1) Because the developers of Pkl are Python haters

2) Because the developers of Pkl are so overawed by Python that they can't imagine Pkl contributing anything useful to the Python ecosystem

In either case, having suffered so much using Ansible and its excrable YAML scripting, I may use Pkl together with Python.



Probably secret option number 3 of no-one having needed it yet - because the tool is standalone, you can render the required output before running whatever needs to consume it. I’ve certainly used it from Python in that manner - bindings are only required if you want to consume the raw language programmatically from a Python context.


Exactly this. Pkl is most useful as a type-safe configuration language that can output to any other format (already supported, or put together by the user within Pkl). You’ll always get valid JSON, YAML, PLIST, what-have-you as output. This you can then parse in the language/system of your choice.

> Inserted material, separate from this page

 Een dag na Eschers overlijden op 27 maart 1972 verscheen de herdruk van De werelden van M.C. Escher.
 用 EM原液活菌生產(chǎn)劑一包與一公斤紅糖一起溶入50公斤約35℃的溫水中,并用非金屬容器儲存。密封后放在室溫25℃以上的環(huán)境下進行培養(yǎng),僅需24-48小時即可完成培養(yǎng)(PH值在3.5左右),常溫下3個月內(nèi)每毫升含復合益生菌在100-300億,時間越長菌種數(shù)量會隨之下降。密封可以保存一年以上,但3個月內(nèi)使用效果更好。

Certainly language bindings are useful, and if there’s demand likely someone will create them.


“Popular” doesn’t mean “fitting every purpose”.

All the listed languages are compiled and statically typed. Python is neither. Neither is JavaScript, another popular programming language which is also not listed.

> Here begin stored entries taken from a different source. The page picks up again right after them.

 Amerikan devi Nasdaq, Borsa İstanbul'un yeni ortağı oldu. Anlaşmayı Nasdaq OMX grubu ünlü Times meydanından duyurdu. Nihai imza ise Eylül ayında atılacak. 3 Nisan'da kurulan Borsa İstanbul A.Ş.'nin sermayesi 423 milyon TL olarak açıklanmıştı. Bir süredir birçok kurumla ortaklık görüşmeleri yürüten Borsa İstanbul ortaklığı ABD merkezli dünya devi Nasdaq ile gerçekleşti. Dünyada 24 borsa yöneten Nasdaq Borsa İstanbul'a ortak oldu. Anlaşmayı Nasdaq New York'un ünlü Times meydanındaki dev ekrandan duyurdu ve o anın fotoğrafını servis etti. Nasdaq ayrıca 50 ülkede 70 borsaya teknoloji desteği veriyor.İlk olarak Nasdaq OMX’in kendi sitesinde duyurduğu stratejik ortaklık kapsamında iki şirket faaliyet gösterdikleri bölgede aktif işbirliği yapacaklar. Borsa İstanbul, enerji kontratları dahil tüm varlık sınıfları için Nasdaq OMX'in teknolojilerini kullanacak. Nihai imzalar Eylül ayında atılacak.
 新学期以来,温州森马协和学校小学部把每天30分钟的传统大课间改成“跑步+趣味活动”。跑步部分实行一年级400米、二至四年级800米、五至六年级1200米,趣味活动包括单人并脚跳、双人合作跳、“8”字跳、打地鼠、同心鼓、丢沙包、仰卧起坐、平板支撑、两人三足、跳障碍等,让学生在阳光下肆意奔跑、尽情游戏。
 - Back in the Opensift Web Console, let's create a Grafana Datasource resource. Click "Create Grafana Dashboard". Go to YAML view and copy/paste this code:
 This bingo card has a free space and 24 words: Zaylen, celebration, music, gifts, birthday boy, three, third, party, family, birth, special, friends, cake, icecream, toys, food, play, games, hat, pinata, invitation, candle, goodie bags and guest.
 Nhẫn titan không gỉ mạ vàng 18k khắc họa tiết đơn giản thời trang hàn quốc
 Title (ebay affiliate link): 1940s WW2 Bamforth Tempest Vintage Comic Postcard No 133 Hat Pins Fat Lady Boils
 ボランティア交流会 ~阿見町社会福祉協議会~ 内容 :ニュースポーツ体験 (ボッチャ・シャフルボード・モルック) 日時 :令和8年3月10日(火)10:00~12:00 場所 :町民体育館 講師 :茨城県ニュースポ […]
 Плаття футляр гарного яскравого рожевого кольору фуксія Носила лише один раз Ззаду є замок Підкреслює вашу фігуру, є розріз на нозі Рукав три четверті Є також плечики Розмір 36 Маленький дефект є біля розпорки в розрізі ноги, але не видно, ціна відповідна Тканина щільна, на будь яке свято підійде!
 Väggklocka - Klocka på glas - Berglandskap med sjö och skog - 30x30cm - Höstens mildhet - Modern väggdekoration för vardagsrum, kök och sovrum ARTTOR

I don't see how the static typing of the bound languages enters into it. Python has type hints which can be enforced by some compilers, if you are so committed to type safety in your config scripts. If you have Pkl output YAML or XML then where is your type safety?

Since "popular" does mean that very many people are using it, I think it would be wise to try to serve the Python community.


Another possibility: a naming conflict with, and potential confusion around the already existing Python serialisation library 'pickle'?


I think this intended for compiled languages? If you already have Python or Ruby in your stack you can simply write a little script to generate the required JSON or YAML. I'm not sure you would ever want to add Pkl to the mix in that case?


> Because the developers of Pkl are Python haters

Look at the languages that they do support - Go, Swift, Kotlin, Java. These are all robust languages for writing production grade software. That's probably why - the people at Apple using this don't need it for their hacky Python scripts.


By "production grade software" do you mean major sites like Instagram or Reddit?


> 1) Because the developers of Pkl are Python haters

Is it really that deep?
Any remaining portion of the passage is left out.